長期LinRegは実質横ばいにとどまっており、長期内部の推進力がいったん落ち着いた状態にあるが、これは上昇基調の終焉ではなく、次の推進局面へ向けたエネルギーの蓄積過程と解釈することもできる。中期調整の痕跡がなお残る中で短期LinRegがプラスに転じたことは、構造的な再浮上の兆しとして注目に値する。

現在値は統計的にやや割安な位置にある。この乖離は回帰圧力として作用しうる一方、トレンド持続環境下においては押し目として機能する可能性もある。RSIは上方圧力領域を示しモメンタムは回復方向にあるものの、エネルギーはなお収縮中であり、本格加速の確認にはもう一段の時間を要するとみられる。

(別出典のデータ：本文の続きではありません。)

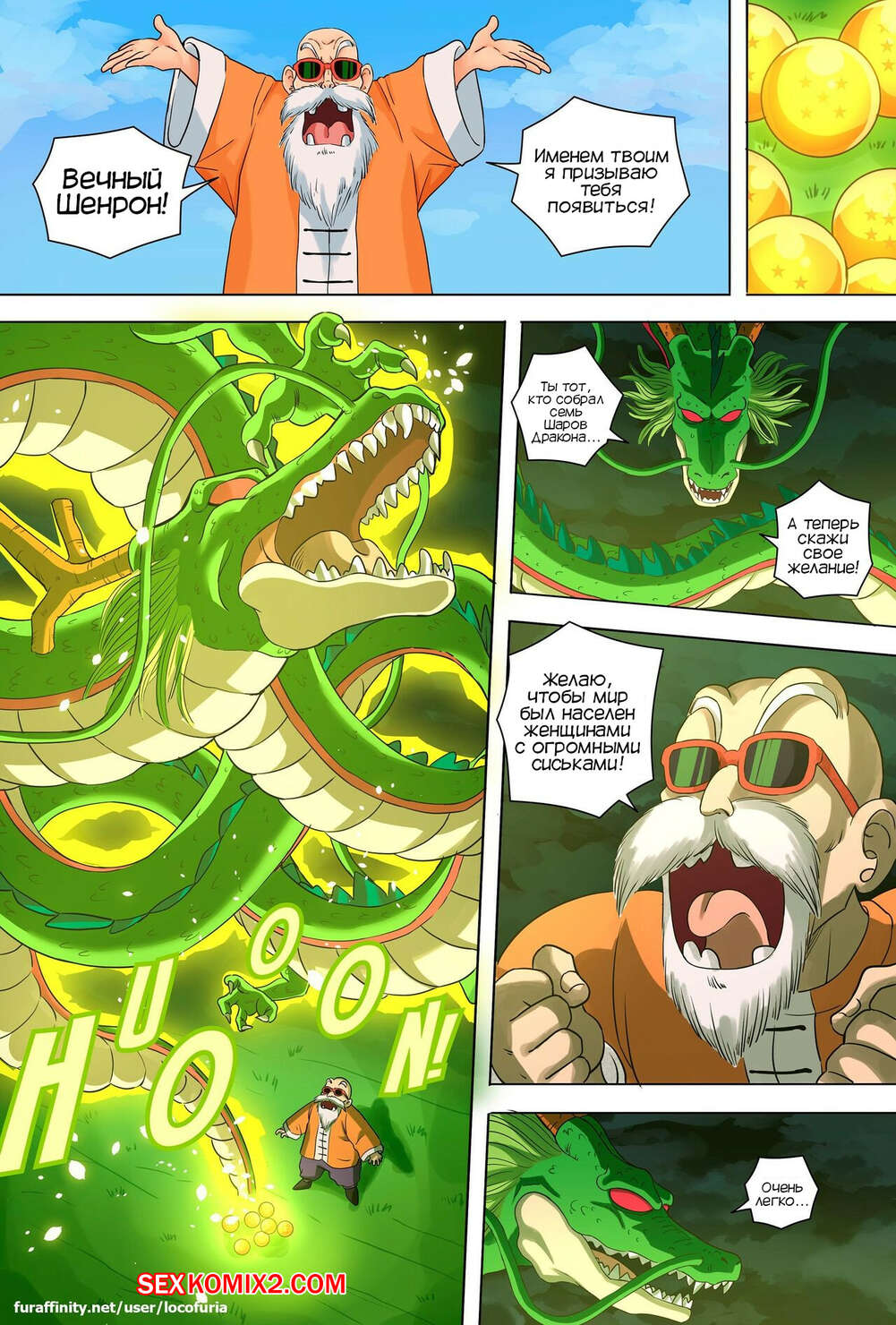 Порно комикс Dragon Ball. Неправильное желание. Часть 2. Wrong Wish. locofuria Мастер Роши собрал все Шары Дракона и загадал желание, но все пошло не совсем по его плану. У парней стали пропали члены, а вместо этого появились вагины и большие сиськи.
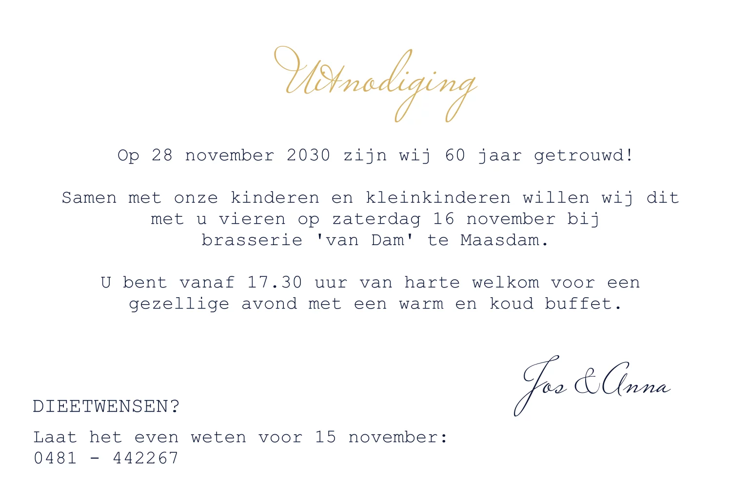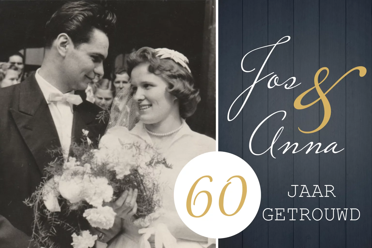 Jubileumkaart voor een zestigjarig huwelijk met een foto van de bruiloft, chic in blauw met gouden details.
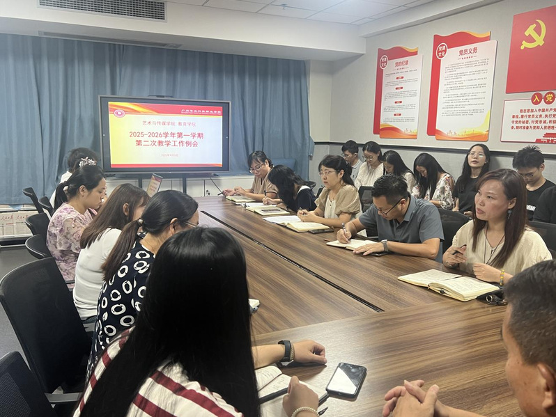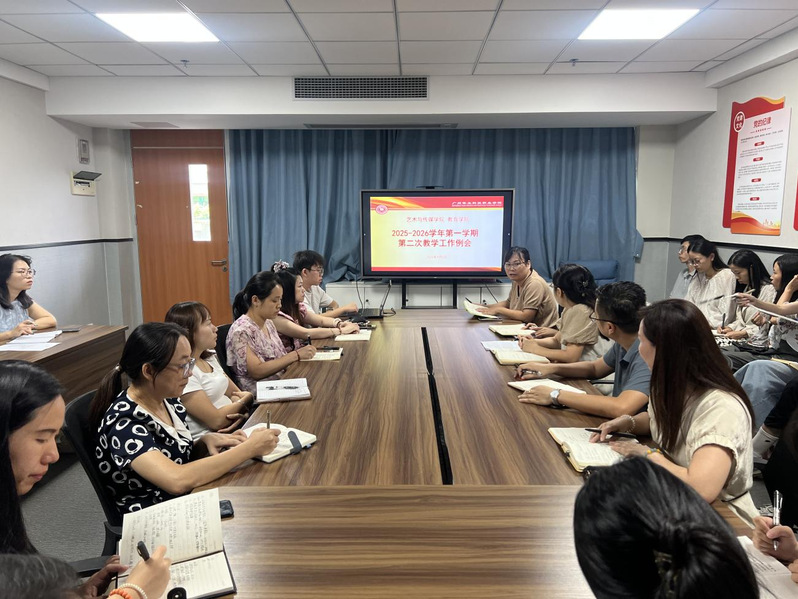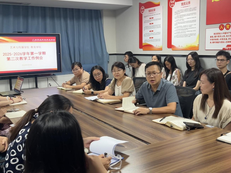 9月5日中午,艺术与传媒学院在学院会议室成功召开全体任课教师教学工作例会。此次会议聚焦教风建设,旨在全面提升教学质量与人才培养水平,为学院高质量发展奠定坚实基础。学院院长朱君、党总支书记陈改梅及全体任课教师共同出席此次会议。
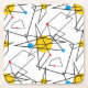 Black linear angles and circles in primary colours of red, yellow and blue make up this contemporary retro pattern reminiscent of Mid Century Modern design and the Atomic Age of the 1950's and 1960's.

外部環境においても、株式市場の上昇とボラティリティの低下がリスク選好を後押しし、上昇構造への補助的な支援として作用している。ただし米独金利はともに小幅な動きにとどまりDXYも方向感を欠く一方、中東情勢をめぐる地政学的緊張は継続しており、外部環境は一様ではない。

【EURUSD/日足チャート】

こうした構造を踏まえると、次の焦点は1.1810の突破と定着に絞られる。これが確認された場合、1.1849が次の参照水準として浮上する。下方では1.1670および1.1630が、上昇構造の継続を支える水準として意識される。

本日の経済指標とイベント(4月21日)

  • 7:45(日本時間)、ニュージーランド・消費者物価(1-3月期CPI)
  • 15:00(日本時間)、英国・ILO失業率(2月)
  • 18:00(日本時間)、ドイツ・ZEW景況感調査(4月)
  • 21:30(日本時間)、米国・小売売上高(3月)
  • 23:00(日本時間)、米国・住宅販売保留指数(3月)

※本記事の情報は市場の動向をご紹介するもので、投資の推奨や勧誘を行うものではありません。また、情報の正確性・完全性について保証するものではありません。